Problem details :: Starting with the line that has "The gated entry" and finishing with the line that has "11. Bluetooth version", set down each line below exactly. Pictures are not copied.

Data ::
* * * * *

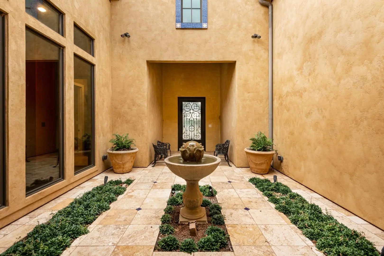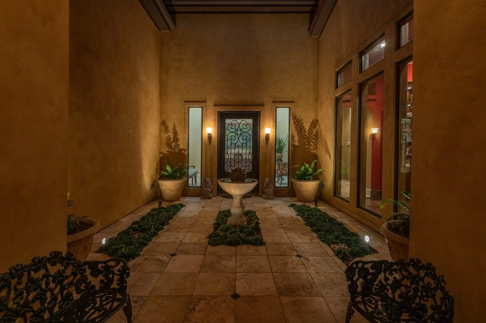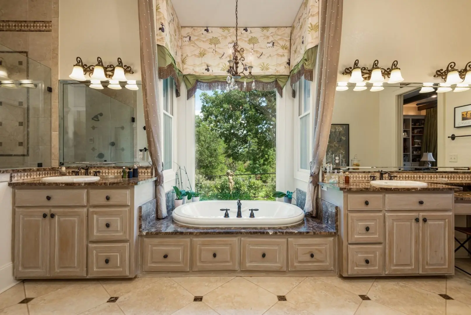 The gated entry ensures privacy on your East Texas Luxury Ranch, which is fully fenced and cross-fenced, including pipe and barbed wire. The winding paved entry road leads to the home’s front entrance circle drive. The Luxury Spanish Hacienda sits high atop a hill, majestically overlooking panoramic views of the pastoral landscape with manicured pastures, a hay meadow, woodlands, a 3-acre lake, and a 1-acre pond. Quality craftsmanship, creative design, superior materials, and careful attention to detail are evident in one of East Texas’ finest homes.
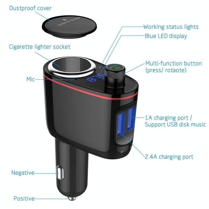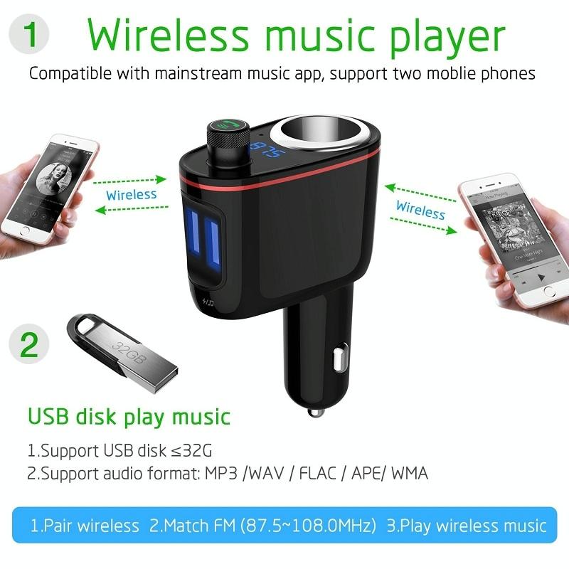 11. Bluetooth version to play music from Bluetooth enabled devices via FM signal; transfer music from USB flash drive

* * * * *

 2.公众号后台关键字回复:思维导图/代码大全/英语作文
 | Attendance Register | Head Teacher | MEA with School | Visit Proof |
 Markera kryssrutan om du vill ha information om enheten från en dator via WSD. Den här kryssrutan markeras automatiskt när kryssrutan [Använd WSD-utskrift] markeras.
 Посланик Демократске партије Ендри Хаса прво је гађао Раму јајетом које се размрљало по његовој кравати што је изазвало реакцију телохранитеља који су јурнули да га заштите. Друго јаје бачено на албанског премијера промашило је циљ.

* * * * *

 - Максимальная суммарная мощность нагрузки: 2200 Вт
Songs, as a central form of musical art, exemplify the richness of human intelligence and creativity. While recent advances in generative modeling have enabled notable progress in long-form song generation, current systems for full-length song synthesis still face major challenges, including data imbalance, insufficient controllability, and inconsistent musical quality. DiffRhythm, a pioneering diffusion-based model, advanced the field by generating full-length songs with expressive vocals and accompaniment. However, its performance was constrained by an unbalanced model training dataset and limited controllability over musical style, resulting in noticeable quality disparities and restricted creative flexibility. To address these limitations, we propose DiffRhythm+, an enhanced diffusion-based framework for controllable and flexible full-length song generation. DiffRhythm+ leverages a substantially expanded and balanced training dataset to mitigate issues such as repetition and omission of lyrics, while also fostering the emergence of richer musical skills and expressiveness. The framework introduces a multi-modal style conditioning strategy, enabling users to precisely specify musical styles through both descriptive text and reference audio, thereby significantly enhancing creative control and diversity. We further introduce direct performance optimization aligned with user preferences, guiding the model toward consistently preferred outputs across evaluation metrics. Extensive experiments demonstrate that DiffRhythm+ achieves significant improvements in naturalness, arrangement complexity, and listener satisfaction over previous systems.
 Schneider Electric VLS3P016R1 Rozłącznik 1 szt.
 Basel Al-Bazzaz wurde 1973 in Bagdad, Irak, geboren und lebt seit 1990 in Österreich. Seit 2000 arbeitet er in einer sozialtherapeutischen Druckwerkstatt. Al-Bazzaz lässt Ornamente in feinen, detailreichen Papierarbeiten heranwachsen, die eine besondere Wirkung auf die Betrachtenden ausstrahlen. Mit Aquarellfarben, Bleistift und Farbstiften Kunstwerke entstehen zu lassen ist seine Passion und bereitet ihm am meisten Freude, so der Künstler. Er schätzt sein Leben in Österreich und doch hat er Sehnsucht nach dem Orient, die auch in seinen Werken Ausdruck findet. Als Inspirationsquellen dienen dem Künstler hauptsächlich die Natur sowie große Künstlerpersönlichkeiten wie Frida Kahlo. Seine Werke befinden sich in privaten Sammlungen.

* * * * *

Result below ::
 The gated entry ensures privacy on your East Texas Luxury Ranch, which is fully fenced and cross-fenced, including pipe and barbed wire. The winding paved entry road leads to the home’s front entrance circle drive. The Luxury Spanish Hacienda sits high atop a hill, majestically overlooking panoramic views of the pastoral landscape with manicured pastures, a hay meadow, woodlands, a 3-acre lake, and a 1-acre pond. Quality craftsmanship, creative design, superior materials, and careful attention to detail are evident in one of East Texas’ finest homes.
 11. Bluetooth version to play music from Bluetooth enabled devices via FM signal; transfer music from USB flash drive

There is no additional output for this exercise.